But that’s hardly the last word on the matter. For example, in Europe, students usually learn that there are actually only six continents: Africa, America, Antarctica, Asia, Australia/Oceania, and Europe. There’s even a five-continent model, which lists Africa, Europe, Asia, America and Oceania/Australia. (That’s why there are five rings on the Olympic flag.) And some experts think four is the way to go, using as their criteria landmasses naturally separated by water, rather than manmade canals (AfroEurasia, America, Antarctica and Australia).
Heck, as recently as the 1800s, some people says there were just two continents, the Old — including Europe, Africa and Asia — and the New, which encompassed North and South America.
It doesn’t take much imagination to see why this is more complicated than it seems. Even as a child, you may have wondered how anyone would regard Asia and Europe as different continents when they are welded together in enormous expanse of land.
Let’s try to simplify.
Traditionally, we’ve learned that continents are enormous landmasses with clearly defined boundaries and separated by oceans.

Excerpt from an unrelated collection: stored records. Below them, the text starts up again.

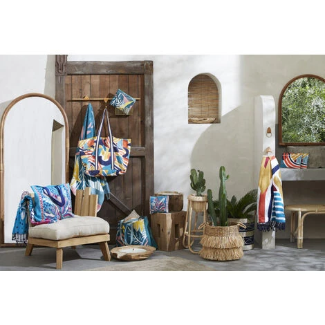 Ce joli miroir en paille est idéal pour une décoration bohème chic. Composez une création murale originale en ajoutant des miroirs de différents tailles.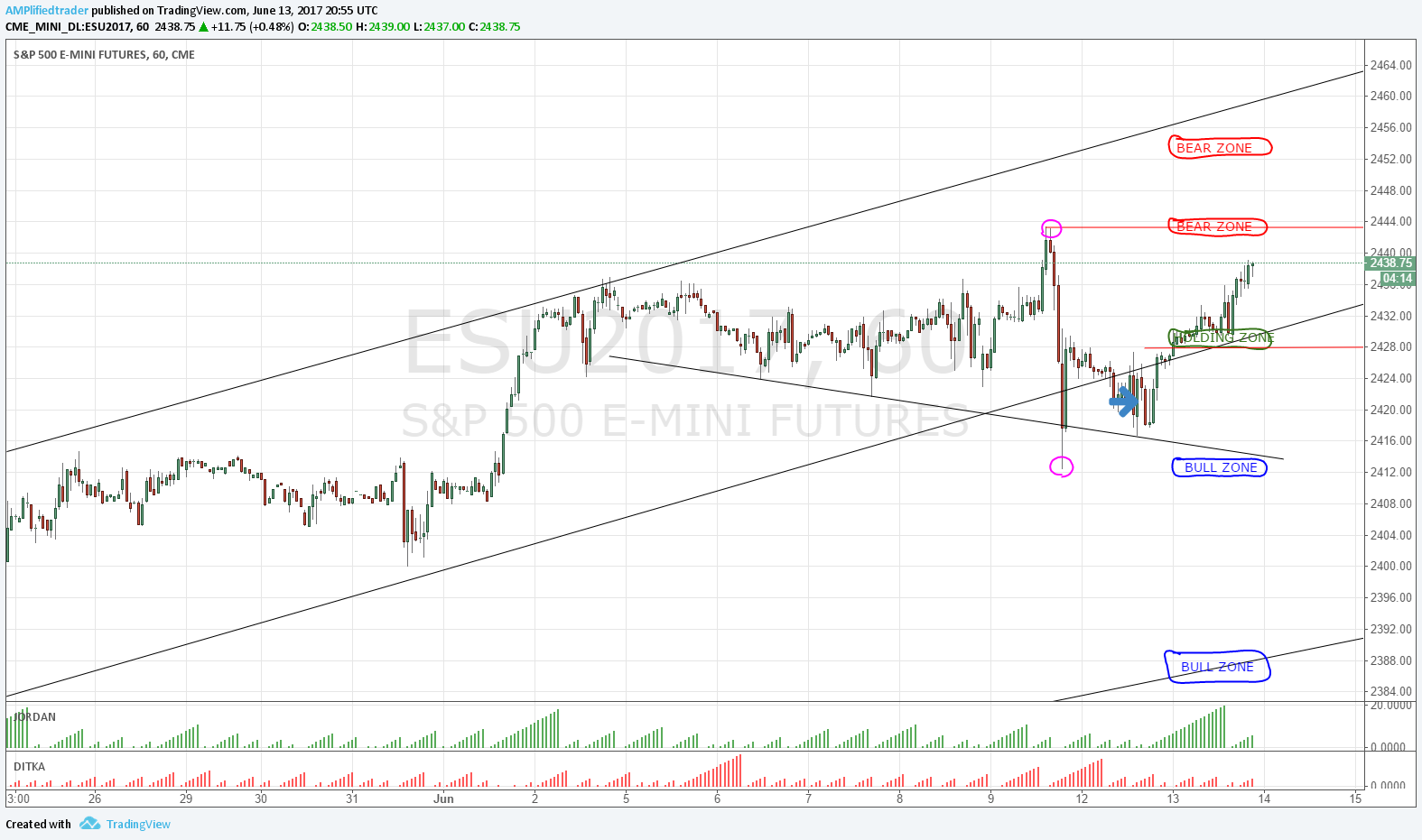 2-day Fed meeting begins today. 100% chance that Fed raises overnight rate by 0.25%, all priced in already. Rate hike cycles are bullish for stocks (when inflation is "in check") so continued bullish bias with the indices. Holding zone = pivot. Looking for price to escape its hold. Yesterday's cash gap now closed. A cash open today closest to unchanged is more bullish than another gap open, from an intraday perspective.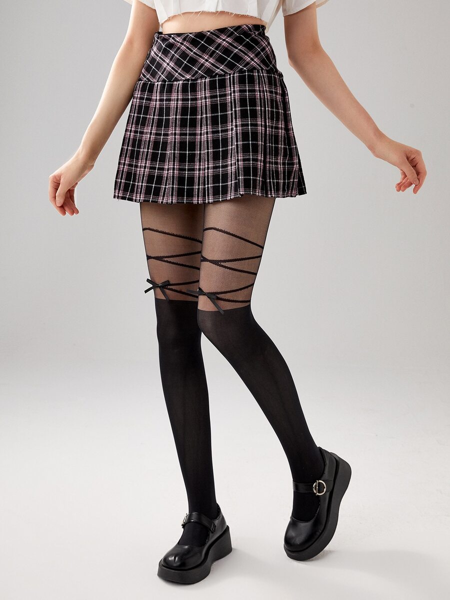 1pair Women Bow Decor Fashion Tights For Daily Life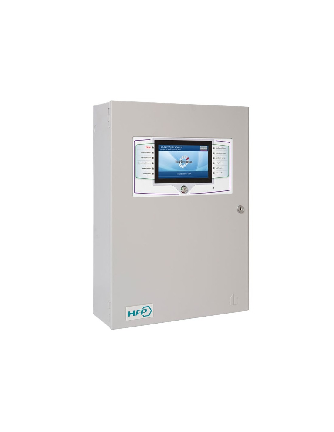 Panel de control analógico direccionable L@titude de 2 lazos. 127 elementos direccionables protocolo ESP de Hochiki. Versión de 4 ranuras para ampliación de lazos. Pantalla táctil color de 7". 1 puerta de apertura. 0 indicadores de zona. Sin impresora. Admite baterías de hasta 26Ah. Fuente de 5,25A. Caja estándar. EN54-2, EN54-4
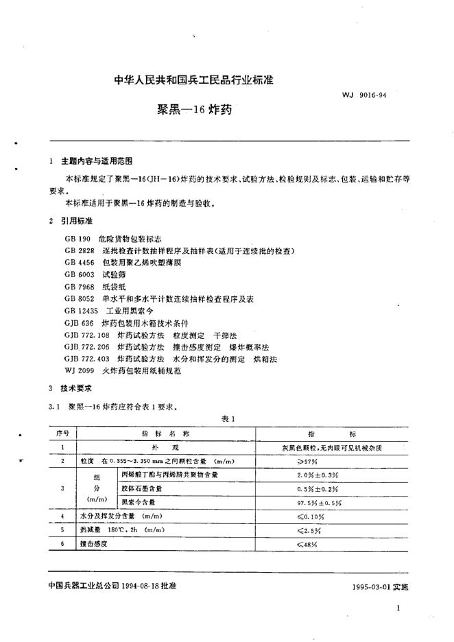 WJ 9016-1994 聚黑-16炸药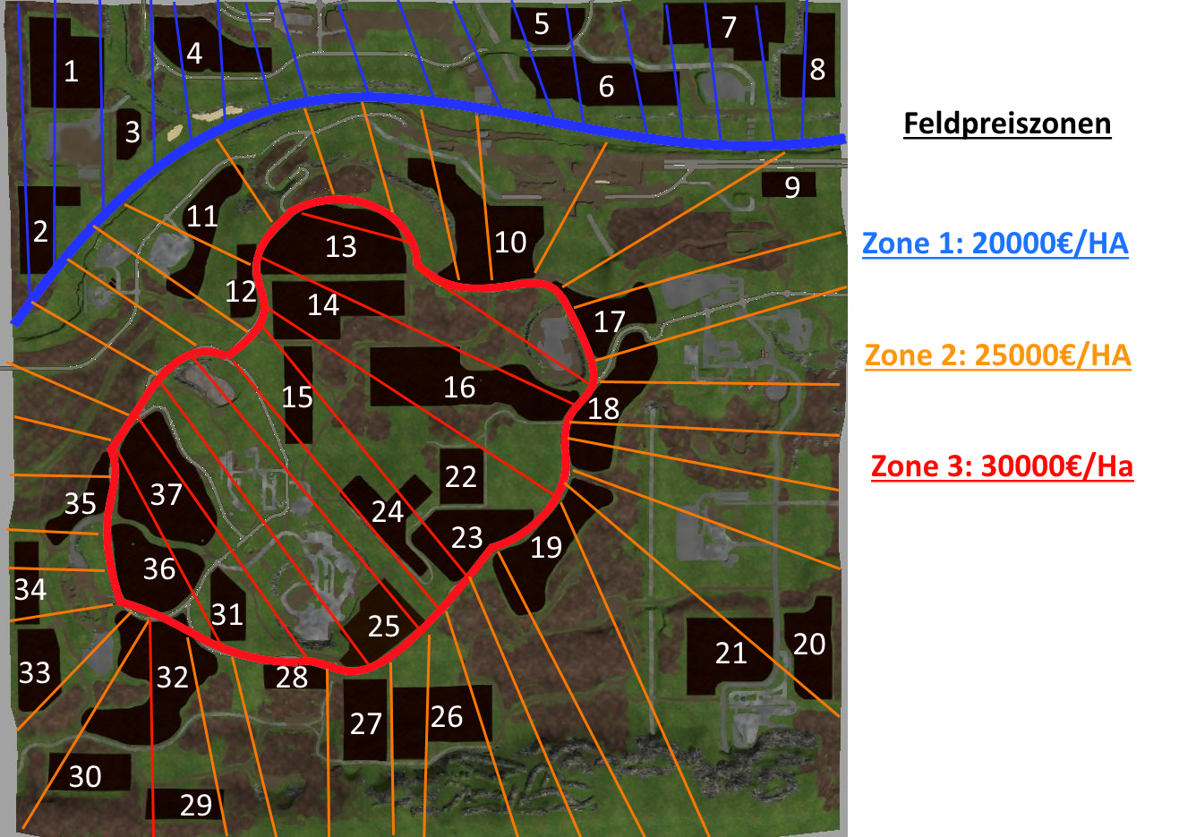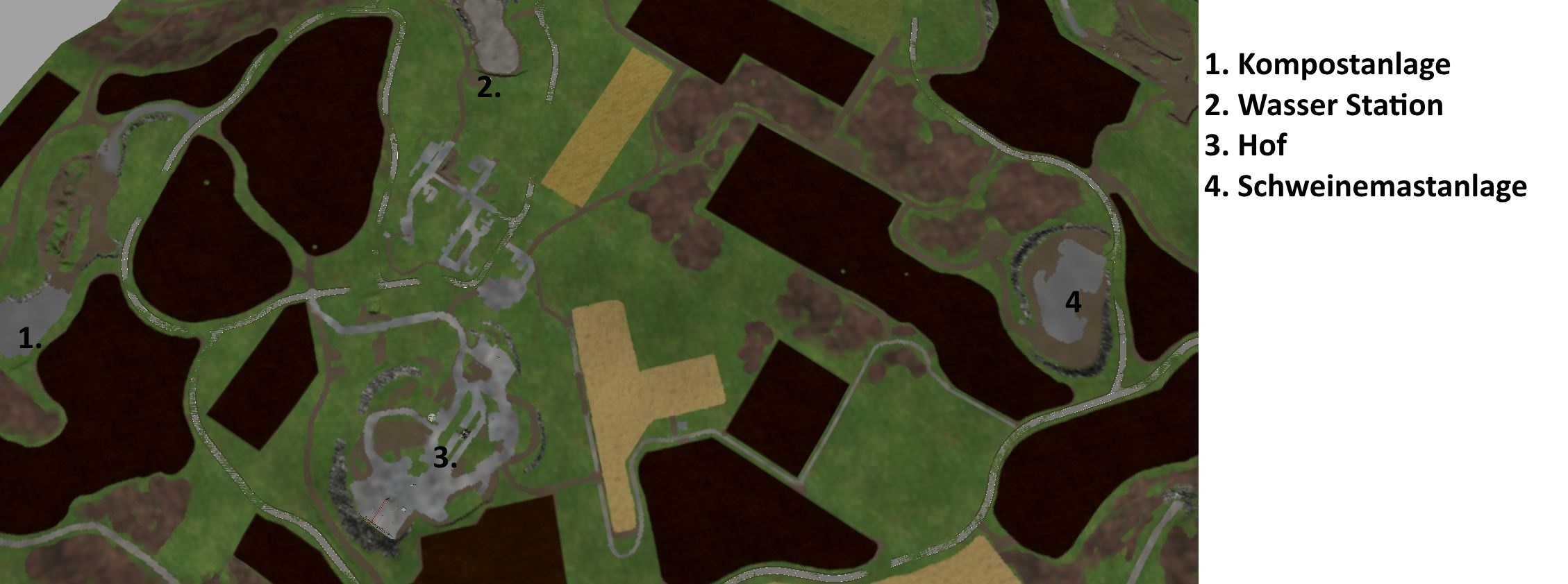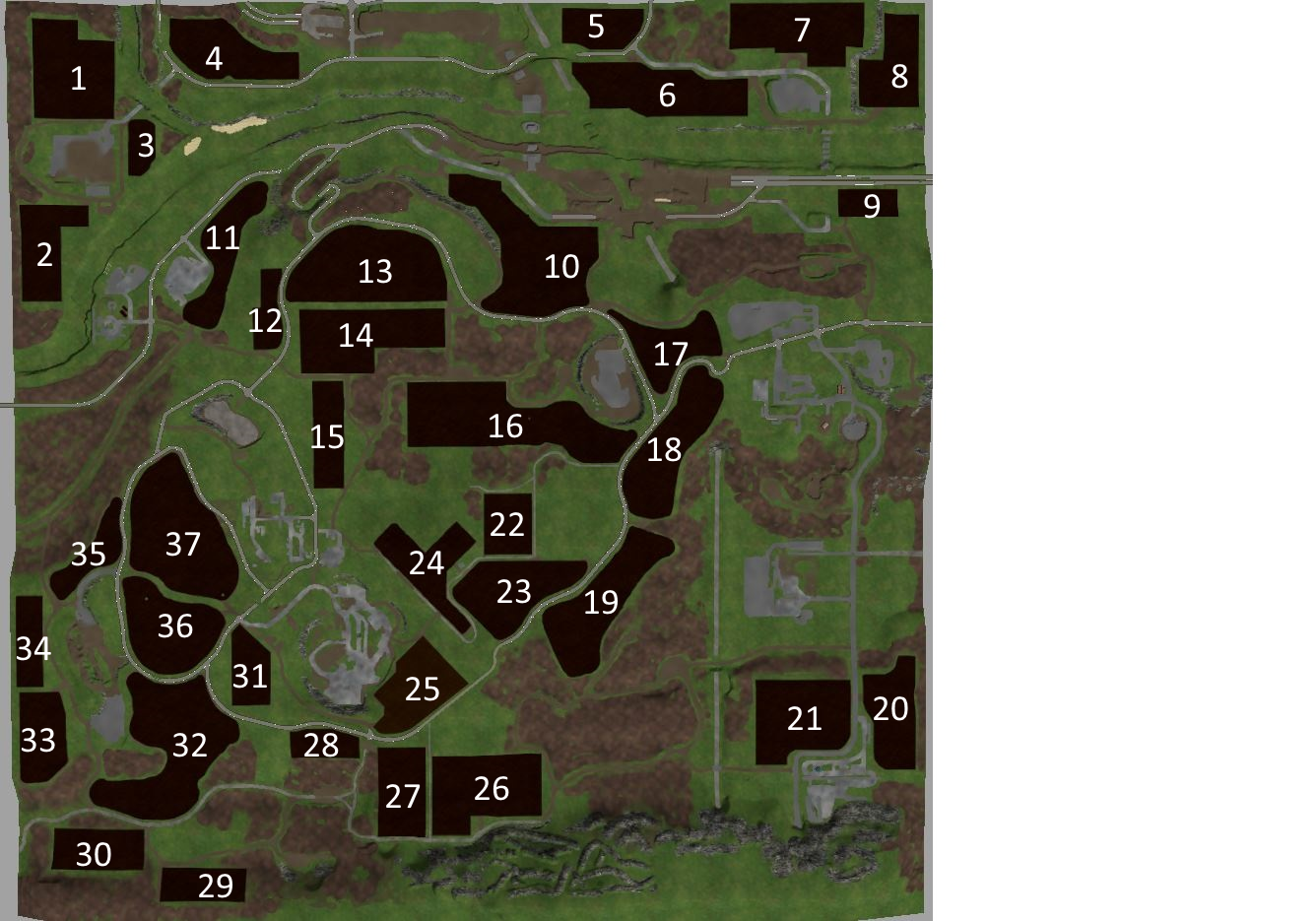 # Feld 13 und 24 nachgearbeitet, andere Felder Funktionieren bei mir#Klee und Luzerne eingebaut(Als schnellwachsende Zwischenfrucht)-Texturen: Klee Luzerne V 1.0 #Zusätliche Brücke übern Fluss (Abkürzung zur BGA)#Unkraut eingebaut (DANKE UPSIDEDOWN!!! für die freigabe!!!)#Texturen Ausgetauscht: -Forgotten Plants Rape V 1.0-Forgotten Plants Maize V 1.0-Forgotten Plants Wheat Barley V 1.1Neue SchwadenTexturen: -Windrow Textures V 1.0 #Einige schwebende Objekte bearbeitet#Kalk Lager Abladestation Überarbeitet

According to a 2017 paper published in the Geological Society of America’s journal, GSA Today, “The ‘Glossary of Geology’ defines a continent as ‘one of the Earth’s major landmasses, including both dry land and continental shelves.’ It is generally agreed that continents have all the following attributes: (1) high elevation relative to regions floored by oceanic crust; (2) a broad range of siliceous igneous, metamorphic and sedimentary rocks; (3) thicker crust and lower seismic velocity structure than oceanic crustal regions; and (4) well-defined limits around a large enough area to be considered a continent rather than a microcontinent or continental fragment… To our knowledge, the last point — how ‘major’ a piece of continental crust has to be to be called a continent — is almost never discussed.”
“Nothing, really, determines a continent, except historical convention,” says Dan Montello, a geography professor at the University of California, Santa Barbara, via email. “A bit of an overstatement but mostly valid. Certain factors make a landmass more or less likely to be called a continent at various times in history, by various people, but nothing can be said to determine continentality in a completely principled, nonarbitrary way.”
Take for example, the vast country of Russia, 6.6 million square miles (17 million square kilometers). Why is it part of Europe rather than Asia? “The Ural Mountains are taken to separate Asia and Europe but only because Russians wanted their great city of Moscow to be European, so the Urals were a convenient marker for that arbitrary decision,” says Montello.
“Continents are (mostly) spatially contiguous collections of landmasses larger than countries but smaller than hemispheres; of course, continents do not necessarily fit entirely within single Earth hemispheres (and, thus, cannot be defined by ranges of latitude or longitude).”
How about plate tectonics? If certain landmasses are constrained to one of those massive shifting hulks, we can safely call it a continent? Montello says no.
“Plate tectonics has nothing to do with it historically, and it certainly could not provide a principled basis for continents now; nearly every continent includes parts of multiple plates, and continental boundaries are not, and have never been, defined by plate boundaries.”
The same goes for climate. After all, continents contain multiple climates, as evidenced by Alaska’s Arctic chill compared to Florida’s humid heat, and they’re both part of North America. Mountain ranges and continental shelves aren’t helpful, either, he says. Coastline is useless.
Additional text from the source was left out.